# drilling glass



## will74 (Mar 5, 2007)

Anyone ever use a hole saw with a pilot bit attached to drill a tank? Would it be easier to do with a pilot bit?


----------



## iceblue (Apr 27, 2004)

This may help answer your question. http://www.diamond-drill-bit-and-tool.c ... tm?DD1.htm


----------



## chago (Mar 4, 2008)

check this video, it may be very usefull


----------



## dr wethumb (Jun 22, 2008)

you can't use a hole saw with a pliot bit for drilling glass you need a diamond core bit my bit's are coming in from hong kong in the next couple of weeks and i might post a forum on it.

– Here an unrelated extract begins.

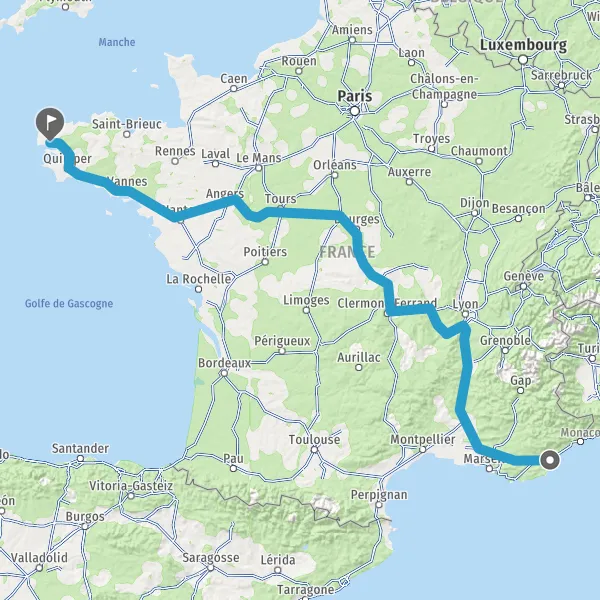 Prendre à droite et rejoindre A85 E604. Continuer sur 205 kilomètres
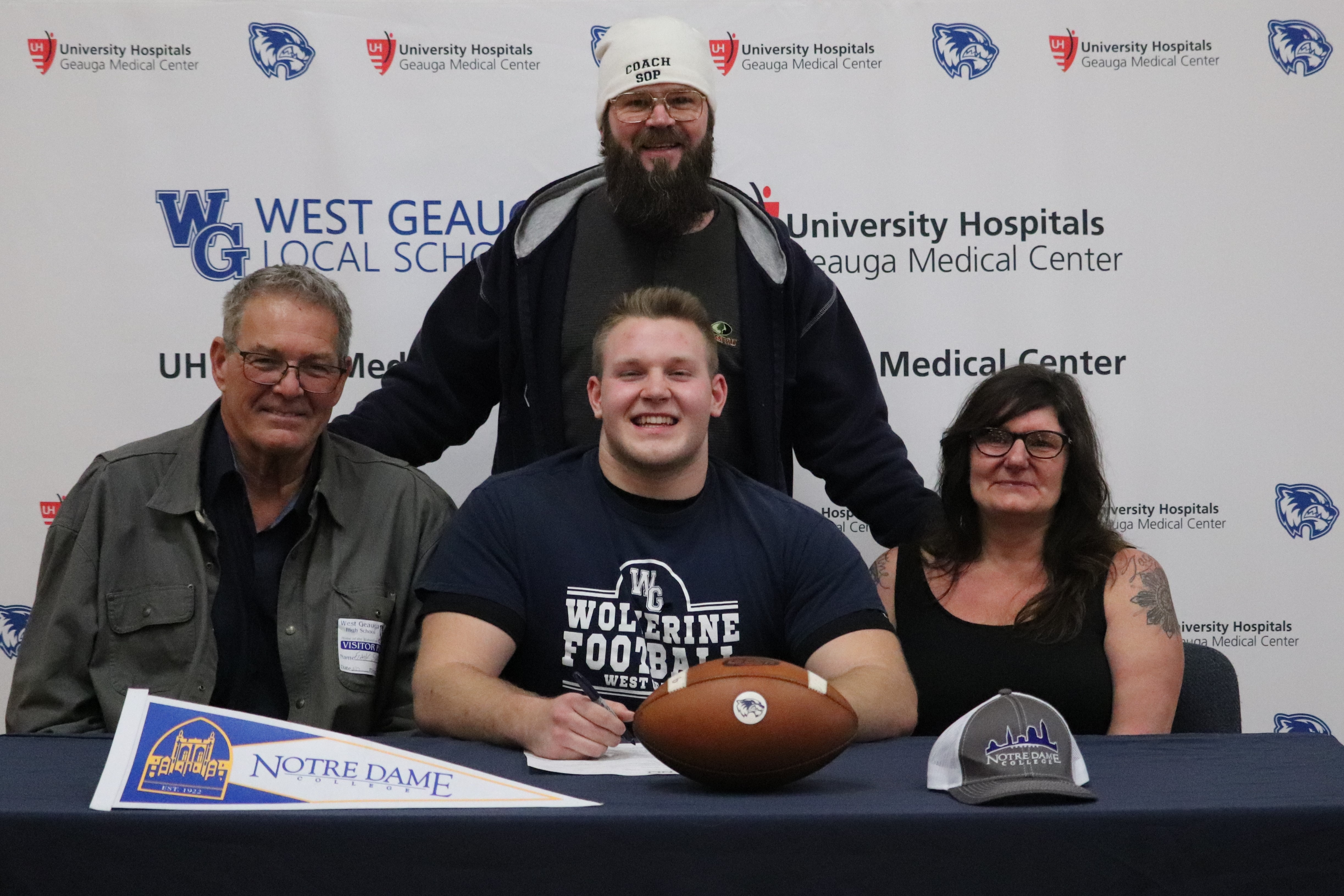 West Geauga High School football players Zach Slapnicker and Levi VeVerka have both decided to play football in college. Zach has signed with Notre Dame College in South Euclid and Levi has signed with Walsh University in North Canton. Both players were honored as they signed their letters of intent before family, teammates, classmates and head football coach Adam Sopkovich.

Theire are a few differeny way's to do it your links will specify a couple if you could use a wood hole saw i sure would because i already have a couple but you can get the bit's for cheap in hong kong and i hear they work.I can try to find the sight again.


----------



## will74 (Mar 5, 2007)

When I say hole saw, I meant a masonry, glass, etc. with a pilot bit. By the way thanks for the info.


----------



## dr wethumb (Jun 22, 2008)

My bad but i havn't actually seen a pilot bit being used in a aquarium drill the one's i will be using do not have a pilot bit and i don't like the pilot in a wood holesaw i prefer it without.


----------



## FLYFISH509 (Dec 11, 2005)

One thing I also do when drilling a tank is to make a support which goes inbetween the glass, I'll cut a 2 X 4 to length. This helps prevent the glass from chipping as you go thru. Chipping occurs when appling a little to much pressure as the bit is at the end of its job.


----------



## will74 (Mar 5, 2007)

No one out there has drilled glass with a pilot bit attached? Surely someone! If not should i remove the pilot bit?


----------



## iceblue (Apr 27, 2004)

I have drilled holes in flat plate glass useing a diamond core bit. I have never seen one with a pilot bit or heard of anyone using a pilot bit. If you wish to try it I would recommend doing it on a piece of scrap glass first before trying it on your aquarium. Personally, I think the chattering it would cause will break the glass but hey, I could be wrong.


----------



## Stickzula (Sep 14, 2007)

I would think that if you are using a drill press then the pilot bit is not necessary, but probably wouldn't hurt. Where the use of the pilot bit would be helpful is if you were using a hand drill. It would prevent the drill from moving around on the glass. I would still reccommend using a drill press so that you get a perfectly straight hole. If you use a hand drill and don't get it straight, the cant of the bit could bind against the glass and you will end up with a broken tank. Just my $.02


----------



## will74 (Mar 5, 2007)

OK I made a practice cut on a 1/4" glass with the pilot bit and it worked perfectly! I just set the clutch to a low setting as to not bind and break the glass. The pilot bit made it much easier to start the hole[I didn't use a jig] and the bit didn't ride or slide across the glass. I now plan to use the pilot bit to start the hole and remove it after the bit goes through the other side, when the bit is almost through i am going to put the pilot bit back in again and drill from the opposite side so I don't get any chipping of glass around the hole when the bit comes through. Any thoughts or ideas would be greatly appreciated along with any criticism that may change my mind or make me do something different. 
Please respond with any and all input!


----------